Yazıyorum O Halde Varım dedi ki...

"Sevmek yaratmaktır bir bakıma, sevilmekse yaratılmak" der, bir yazısında Ümit Yaşar; ama buradaki yaratmak bir birey yaratmak değil sevdiğin insanı kendi gözünde tekrar yaratmaktır zannımca. Ya da değil midir..? şüphe duydum bir an..:)

Pink Freud dedi ki...

Mockingbird; Schopenhauer Nietzsche'nin ilham aldığı adamın ta kendisi.
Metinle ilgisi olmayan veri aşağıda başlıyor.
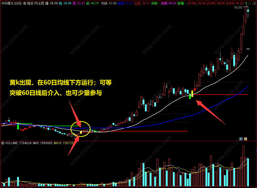 黄k出现,股价在蓝色线上方可考虑介入;如在60日均线下方运行,可等突破60日线后介入、也可少量参与。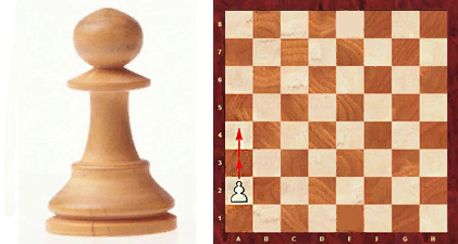 Пешка совершает только один шаг на плоскости доски вперед (первый раз может два), а съедает фигурку противника по диагонали. Превращается в любую фигуру, если ей удастся дойти до противоположного края доски.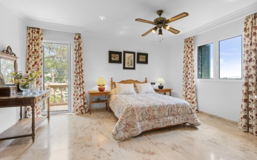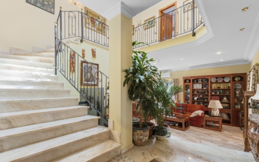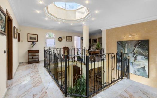 La superficie construida es de aproximadamente 639 m2 y se distribuye en dos niveles de la siguiente manera: en el nivel principal se encuentra la impresionante sala de estar con una gran chimenea y comedor contiguo, una cocina independiente totalmente equipada, un lavadero, un trastero y un aseo de invitados. Desde este nivel se accede a la espaciosa terraza, parcialmente cubierta, con una gran piscina, jardín, zona de barbacoa y comedor exterior. La propiedad tiene un total de 6 dormitorios, todos con baño en-suite. Algunos de estos dormitorios tienen su propio balcón con maravillosas vistas. Una elegante escalera conduce a la planta superior, donde se encuentran los dormitorios. También hay un vestidor y un despacho que podría convertirse en otro dormitorio. La villa también ofrece un garaje doble, una cochera para 2 vehículos y otra plaza de aparcamiento.
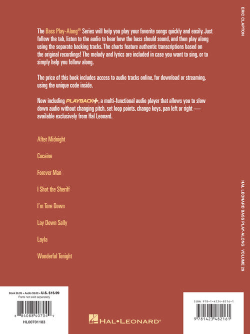 Eric Clapton Bass Play-Along Volume 29 Publisher: Hal Leonard Category: Guitar, Bass & Fretted Series: Bass Play-Along Format: Softcover Audio Online Guitar Tab: YES The Bass Play-Along series will help you play your favorite songs quickly...Regular price $21.99 -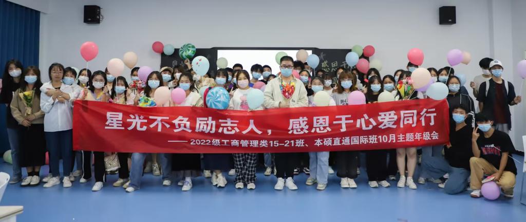 何为一名合格青年?当有志而行不辍,且常思恩,胸怀爱意,马踏白雪,逐风赶浪,不负时代。为了培养青年优秀品质,怀抱梦想,心揣爱心,响应二十大习近平总书记号召,做新时代的好青年。淬炼•国际商学院2022级工商管理类15-21班、本硕直通国际班于2022年10月21日14:00在5204举行以“星光不负励志人,感恩于心爱同行”为主题的年级会。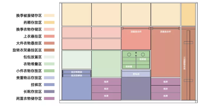 這類的整理區通常布置在最頂部,多用來放置換季的棉被等大件物品。若平時要放置的被褥較多,那么被褥區就要多設計一些。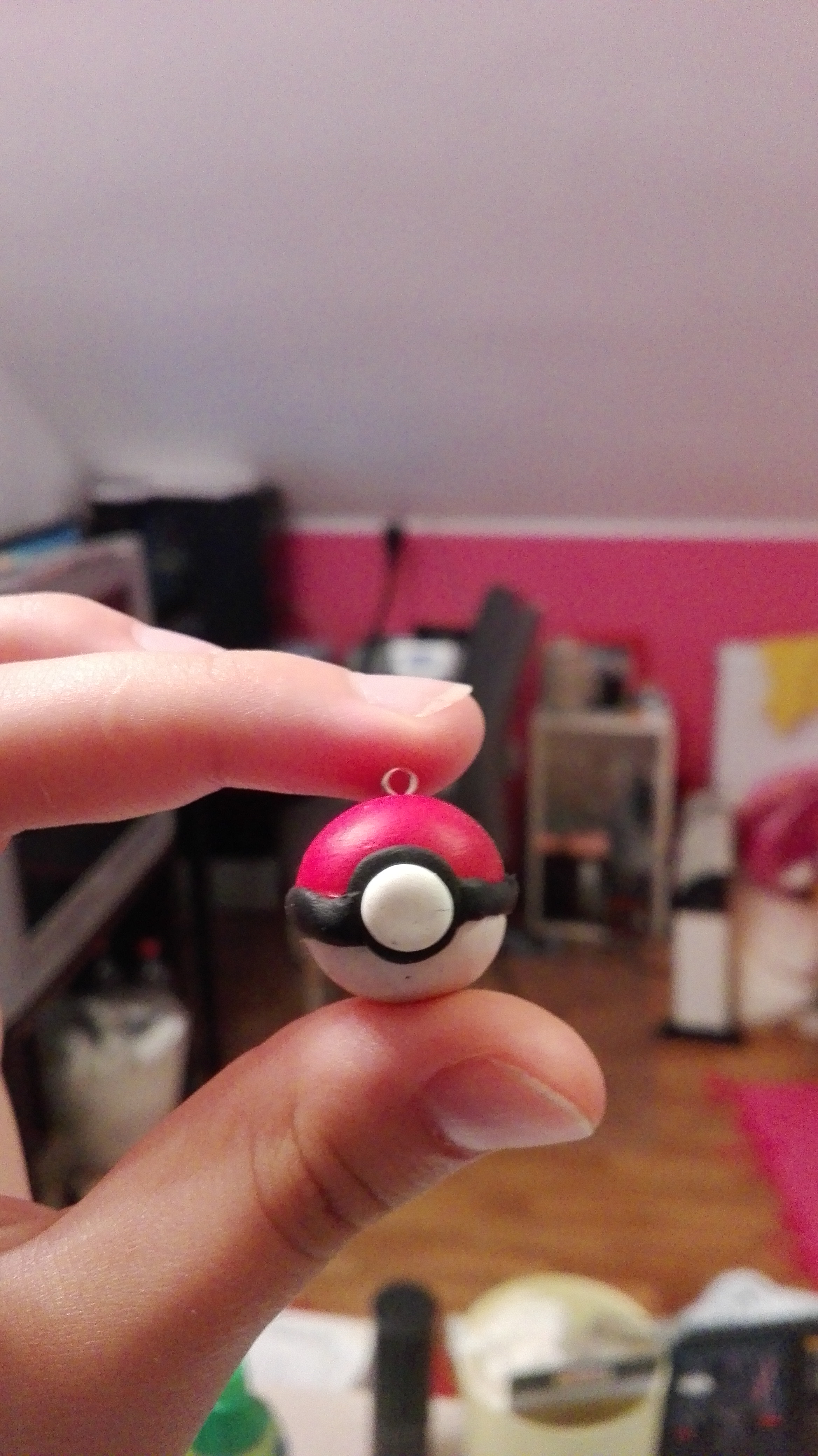 Vytvořen z polymerového jílu Cernit a FIMO, následně upečen v peci. Tyto polymerové jíly nezapáchají, jsou hladké na dotyk a jsou lehké, ale zároveň nejsou křehké, tudíž se nemusíte bát, že pokéball rozbijete :).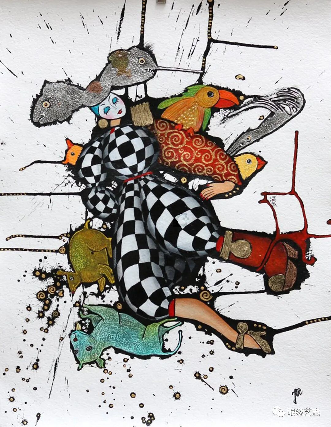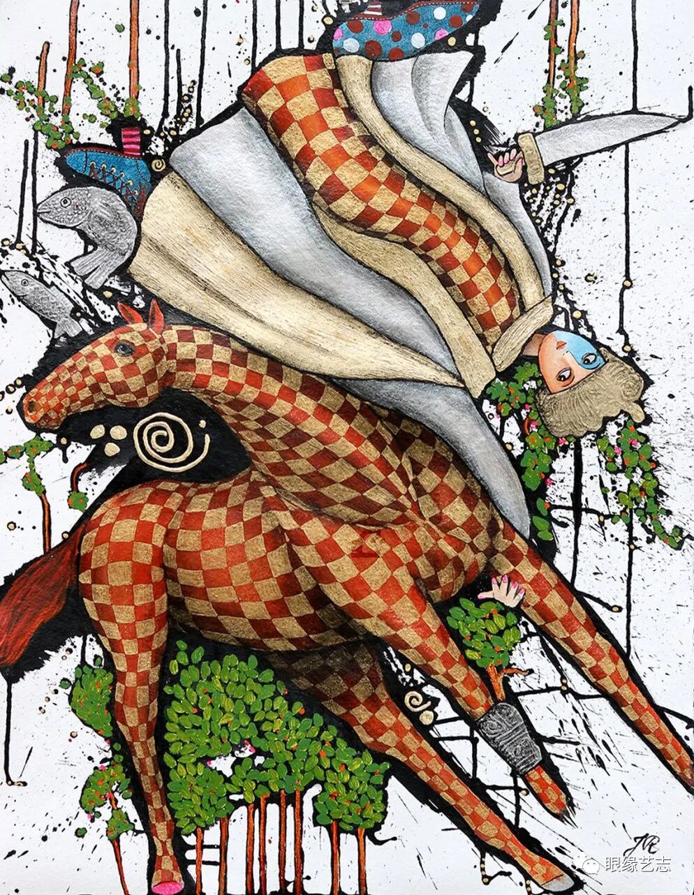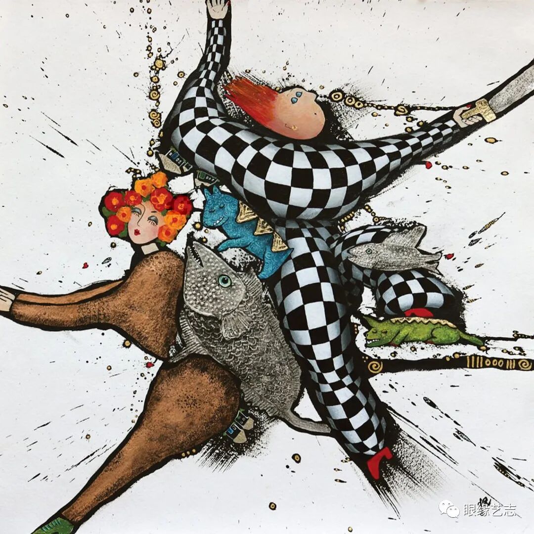 从无形的混乱发展到完整的图像,在无比葱郁的想象空间里,杰特·莱纳特让我们遇见了宇宙舞者、太空骑师以及一众古灵精怪的角色。在棉质纸张或者亚麻帆布的表面、平和且中性的背景色调中,几乎跃动而出的人物与动物是无拘无束的、想象力盛放的枝芽。而那一再出现的格子图案必然是画者执拗的情结,且已然成为她标志性的视觉符号,固执地彰显着一种和谐的韵律、一种动感的平衡、一种旨在点燃快乐的美感。

Fikirleri de genellikle birbirlerine paralel Nietzshenin doğu mistisizmine merakı bile Schopenhauer'u okuması sayesinde oluşmuş.
Tabii ki Cosmopolitandan öğrenilmez aynı fikirdeyim (: Ama zaten önceden de bildiğim bir filozof bu tür bir dergide çıkınca şaşırdım. İşte o yüzden çekim yasasına bağladım ya bu durumu. Adamın lanete uğradığı da dergide yer alan bir ibare değil zaten. Onu ben yazdım çünkü bu farkındalık hali dünyadan aldığımız sathi zevkleri azaltıyor. Bu durumda hem diğer insanlardan daha farklı hem daha hassas hem de daha mutsuz oluyoruz..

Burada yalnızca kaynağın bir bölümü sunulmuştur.